Last night, I was driving home from a long planning meeting I had for the youth ministry summer camp I am helping head up. It was an extremely exhausting meeting that lasted 6 hours. I was feeling overwhelmed and anxious about how much needed to get done to pull off this huge summer camp event. I was emotionally and mentally spent. I kept repeating to myself, "Jesus, let these students encounter you. It will make these long hours worth everything. Jesus, let these students encounter you. Jesus, let these students encounter you."

On my drive home I was listening to music and singing my heart out. (This happens regularly!) I heard my phone go off. I looked down and I noticed that I had received a Facebook message from a friend of a friend. She sent me a message that read, "Hey girl!!!! Check it!!! Your story is changing lives in BC Canada!! Killer message girl! Keep doing Gods work." She also attached this photo:


My heart skipped a beat! 

Before receiving that message, I was questioning if all my hard work that I am putting into the ministries I am a part of, is paying off. I know it is probably not the best thing to question, but sometimes if I am not focused on the reasoning for why I do what I do, (Which is Jesus), I can start to feel discouraged. The message she sent me couldn't have come at a better time. God reminded me of this: "You do what you can do, and I'll do what only I can do!" 

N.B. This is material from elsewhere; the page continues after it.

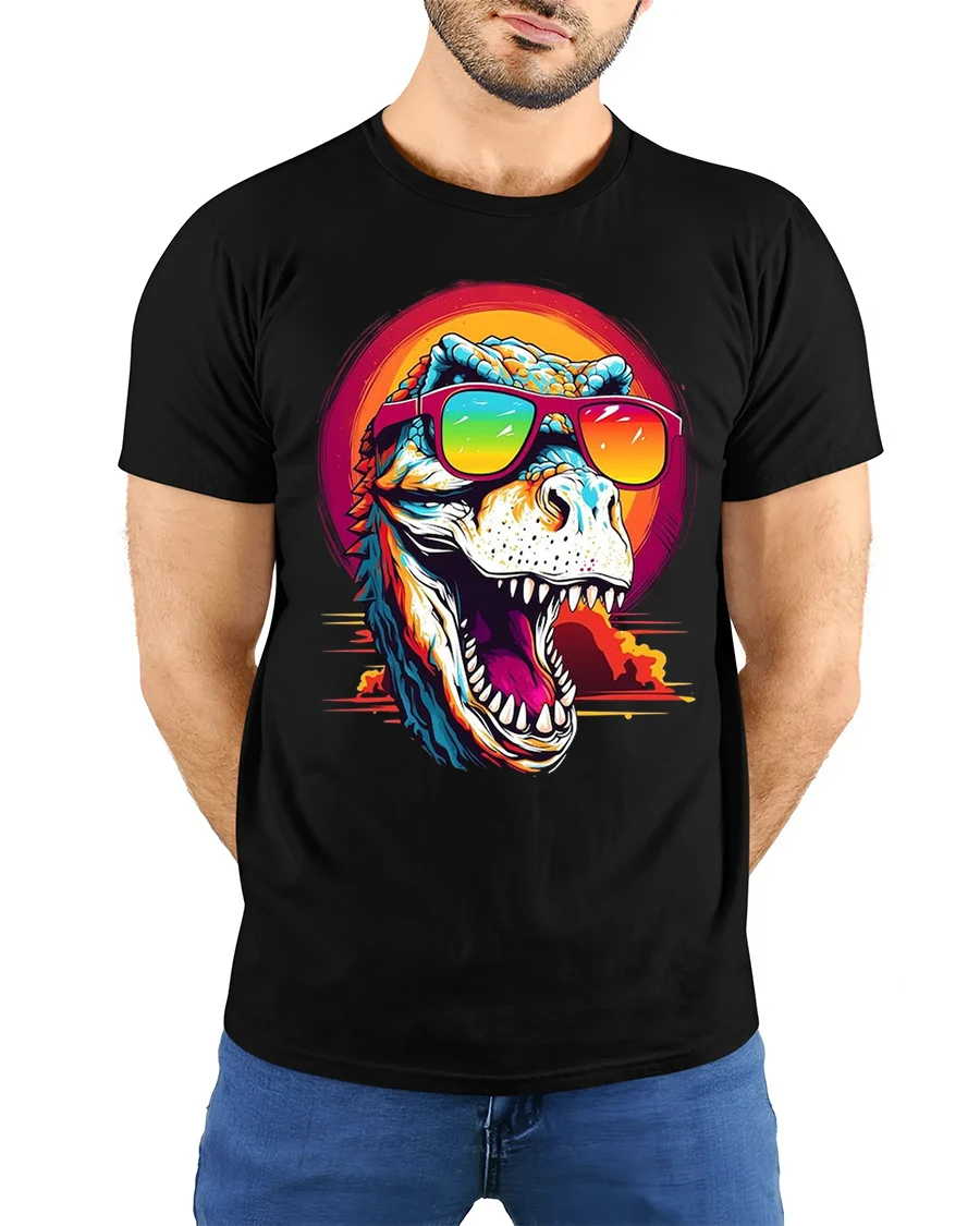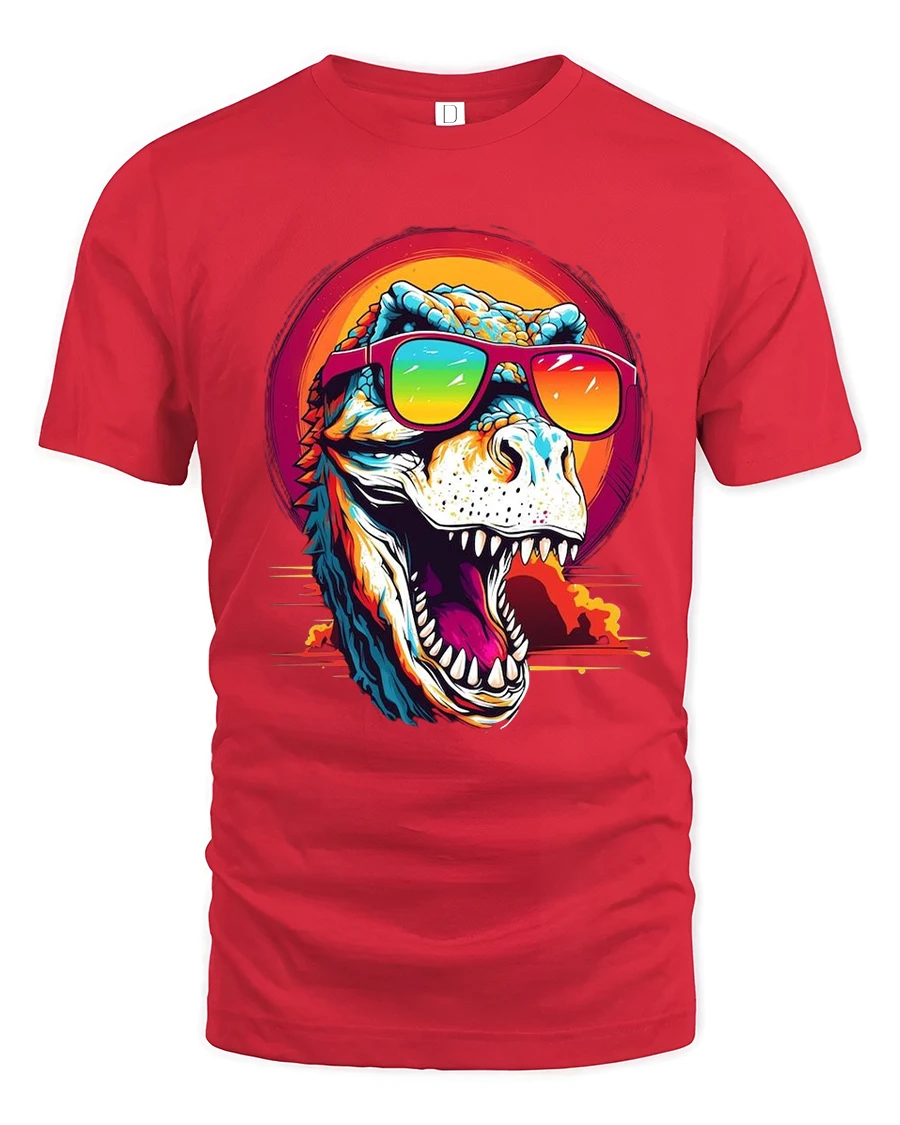 The Cool Sunglasses T Rex Roar Graphic Tee With Retro Sunset Vibes brings bold energy and playful attitude into one striking design.

I am so blessed to be a part of what God is doing. He is so incredible. He has been working behind the sense in my life, refining me, teaching me, correcting me, and continually loving me. This video and the lives it is touching is merely a byproduct of what God has done personally in my life. Having a personal relationship with Jesus shouldn't just impact your own personal life... It should undeniably impact the lives around you.

Get real with Jesus so you can experience true freedom.

I give everything over to You Lord

Wednesday, July 17, 2013

Breaking The Bondages Of Words


It is often times easier to identify the dysfunction and shortcomings of others. It can be more of a challenge to have an outside perspective on the areas in our own lives that we need to deal with. I want to give you some back story on why I am writing about this topic.

I have grown up living life as a true dreamer. I have always had big plans and dreams for my life, some of which I have been able to accomplish. And then there are other dreams and goals I am stirring in the eyes thinking to myself, "How will I ever accomplish this." In a perfect world, we would all love to have tons of supportive people that partner with us, through encouragement and resources, to help us achieve our goals and our life long dreams. Except, we all know that there will be people in our lives that will tell us, "We Can't," "That dream is to big," "You aren't able to do that," or whatever else those optimistic people have to say! If you can't tell already, I am writing from personal experience. I have encountered people throughout my life that told me, "I shouldn't," and "I am not qualified," to accomplish the things I feel God calling me to. Their words penetrated my heart and shook the very dreams I felt like I was called to achieve. I started to unravel at the thought that maybe what I felt like I am called to do is wrong. Or even worse, not honoring to God. My whole reason for living and my existence is to serve Jesus and I want nothing more then my life to be a walking example of that.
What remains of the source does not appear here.